Quels sont tes souvenirs plus douloureux ? Moins agréables ?
(Silence)

Il n’y en a peut-être pas ?
Oh si, il y en a… Le Massilia, il y a 3 ans, a vraiment été une compétition galère pour moi. Et puis il y a plein de championnats de France élite. Je ratais tout et je remettais tout en doute dès que la compétition débutait.

Au pôle de Marseille, tu étais la plus vieille, quel rôle jouais-tu auprès des plus jeunes ?
J’avais un peu le rôle de grande soeur. Les filles venaient souvent me demander quelques conseils, elles savaient qu’elles pouvaient venir me voir et que j’étais là pour les écouter, les conseiller. Je m’entendais bien avec tout le monde, même si avec certaines il y avait des affinités beaucoup plus fortes.

Comme avec Taïs Boura par exemple ? 
Oui avec Taïs, nous avions une relation très fusionnelle. Je me suis tout de suite bien entendue avec elle, dès que je suis arrivée à Marseille. Tout le monde disait que Taïs était la fille de Léa d’ailleurs (Rires). Elle va me manquer.

Qu’est-ce qui va te manquer également ? 
La gym va me manquer mais je pense que ce qui va me manquer le plus ce sont les relations humaines. À Marseille, nous sommes toutes très soudées, nous sommes une grande famille. C’est ce qui fait la force du pôle. Donc c’est toute cette ambiance qui va me manquer.  Ces quatre années passées à Marseille ont vraiment été une belle aventure.

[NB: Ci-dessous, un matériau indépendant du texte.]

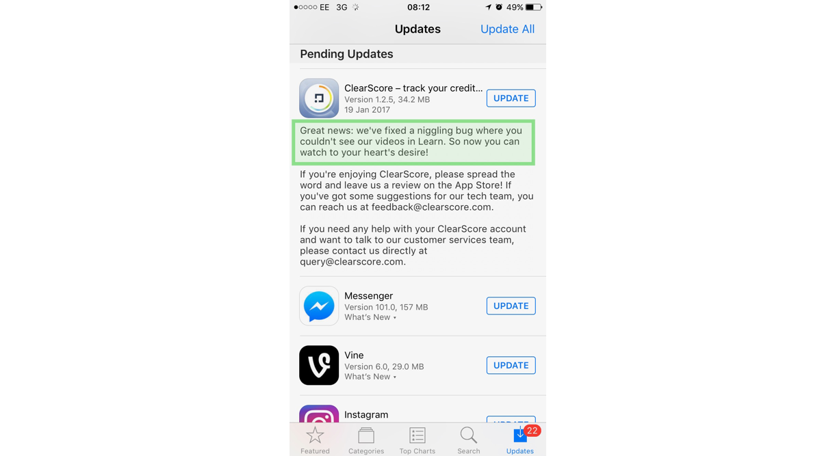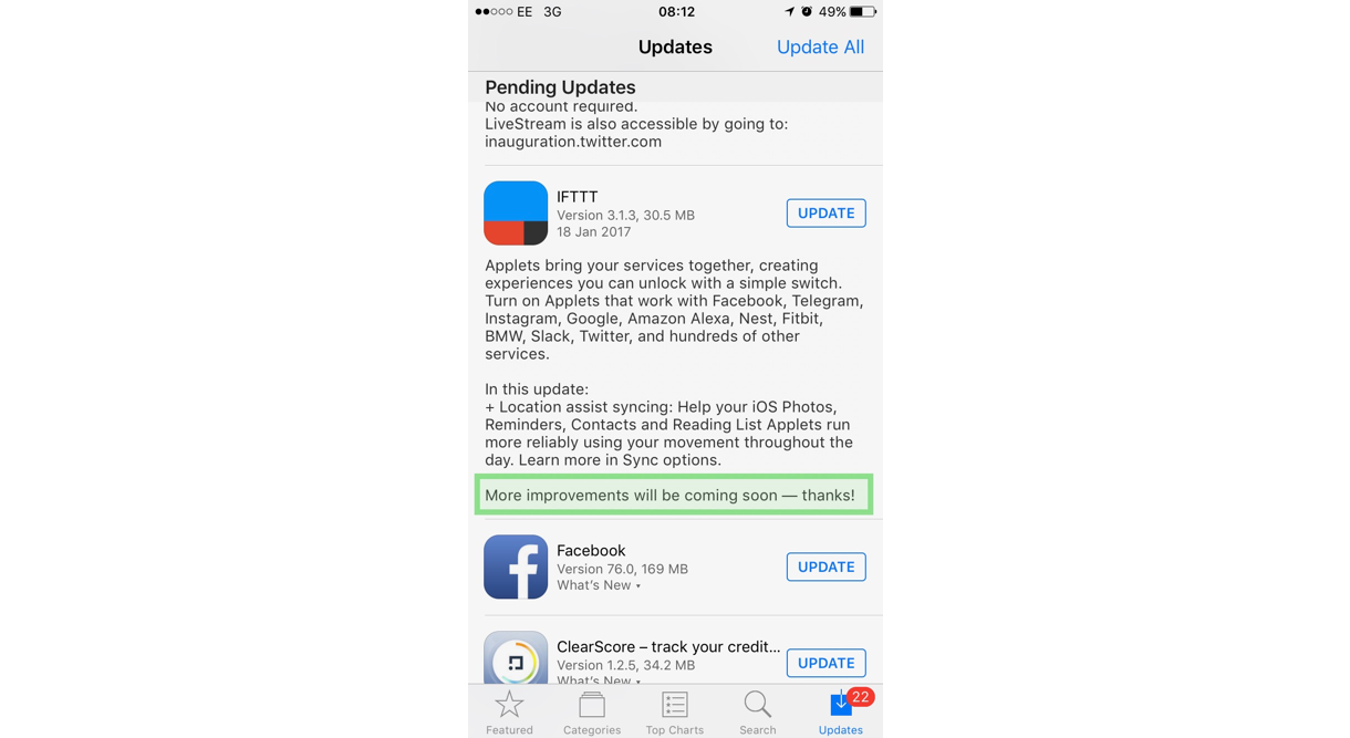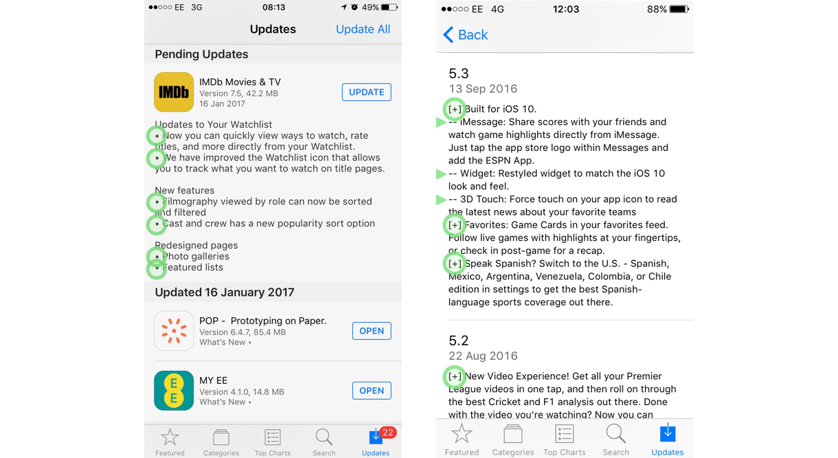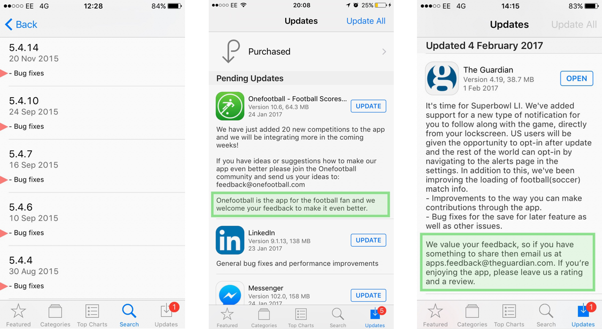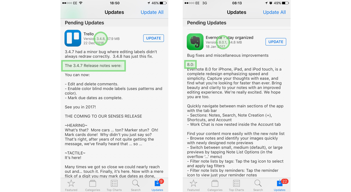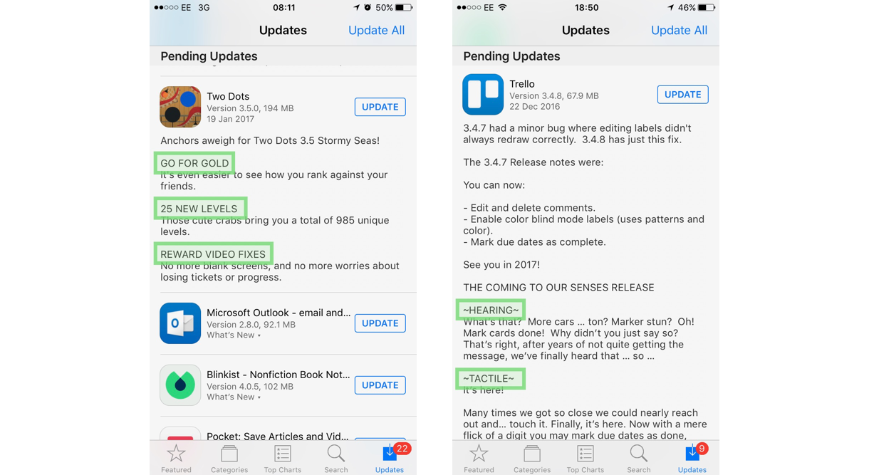 애플 앱스토어와 구글 플레이에서는 자동 업데이트 기능을 제공하고 있어서 업데이트 세부 내용을 읽는 사용자가 줄어드는게 그다지 놀랠일은 아닌거 같습니다.

Désormais quels sont tes projets ? 
Je vais pouvoir me consacrer à 100% à mes études. Je suis en école de psychomotricité sur Marseille, je suis en première année. J’ai validé mon premier semestre et avec le confinement on attend de savoir comment vont se passer les examens du second trimestre. Nous sommes un peu dans le flou. Cette saison, j’avais déjà beaucoup de mal à concilier études et entraînements, j’étais d’ailleurs obligée de réduire considérablement mon nombre d’heures d’entraînement et l’an prochain, j’ai vraiment envie de me mettre à fond dans mes études. La charge de travail est de plus en plus importante, je vais avoir plusieurs stages à faire et je n’aurai plus le temps de m’entraîner. C’est donc le meilleur moment pour moi de raccrocher. J’ai vécu de très belles choses et maintenant il est temps pour moi d’entamer une nouvelle page de vie.